6. Export and Sharing
6.1 Email
From the synthesis detail page, users enter a recipient email address or click "S'envoyer a soi-meme" to use their own address. The synthesis is sent as a formatted HTML email via the Resend API.
Scheduled generation also sends emails automatically to up to 3 configured addresses per theme.
6.2 PDF
A PDF export is available from the synthesis detail page. The PDF contains all sections with article titles, summaries, and source URLs.
6.3 Markdown
A Markdown export is available from the synthesis detail page.
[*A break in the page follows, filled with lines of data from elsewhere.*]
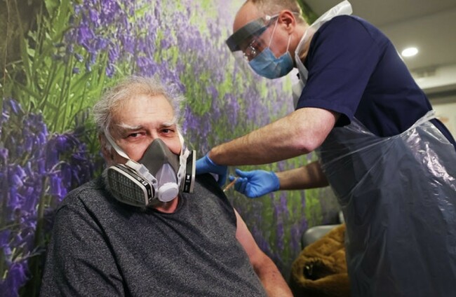 John Grey receives the first of two doses of the Oxford/AstraZeneca Covid-19 vaccine at Falls Surgery in Belfast. Liam McBurney/PA
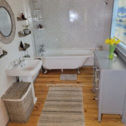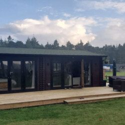 The cabin is self-contained and has everything you need! There is a large bathroom (toiletries and towels provided) with a toilet, bath and shower, and a fully equipped kitchen with oven, microwave, fridge, freezer, toaster, kettle, dishwasher and washing machine.
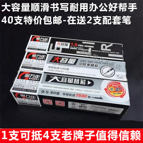 金万年办公大容量0.5 0.7 1.0mm加粗笔芯签字笔中性水笔替芯批发
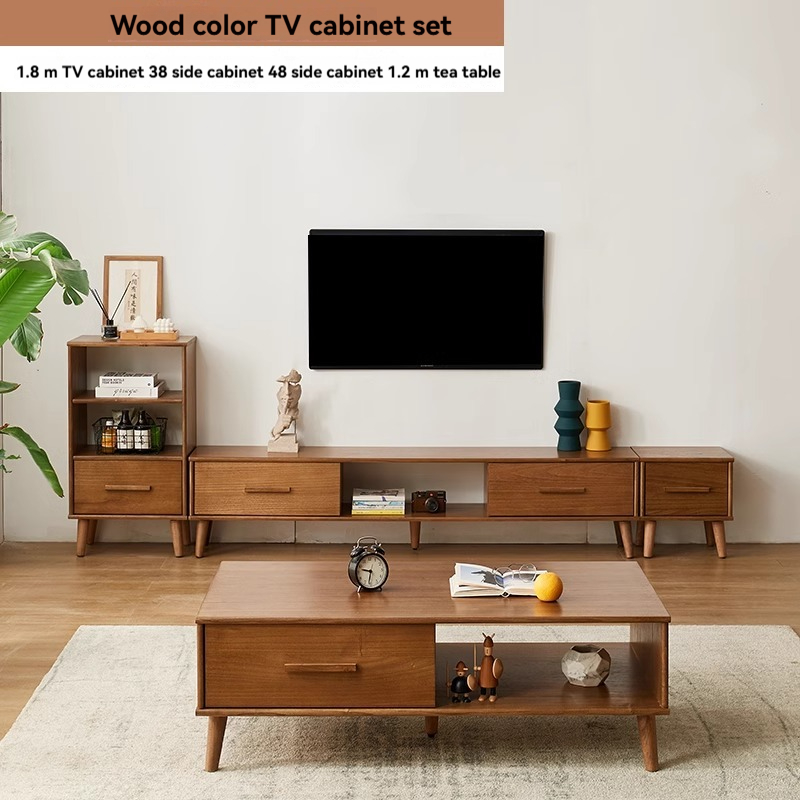 [pre order]Nordic Modern Simple All Solid Wood TV Cabinet Coffee Table Combination Small Apartment Living Room Hotel Apartment Bedroom

The file can be saved or pasted into other tools.
7. Article History and Observability
7.1 Article History
Every article encountered during generation is recorded in the article history with its status:
- used: included in the final synthesis.
- filtered_history: skipped because it was seen in a previous generation.
- filtered_diversity: skipped due to per-domain cap.
- filtered_empty: scrape returned no content or a soft-404.
- filtered_too_old: article older than the max age setting.
- filtered_homepage: URL was a homepage, not a specific article.
- filtered_cross_phase_dedup: URL already seen in a previous phase.
Users can view the article history per synthesis (provenance view) or globally. History can be cleared entirely.
7.2 LLM Call Logs
Every LLM call during generation is logged with:
- Call type (link extraction, classify/summarize, web search)
- Model used
- System prompt and user prompt
- Response
- Duration
- Associated article URL (for classify calls)
Logs are viewable per synthesis from the detail page.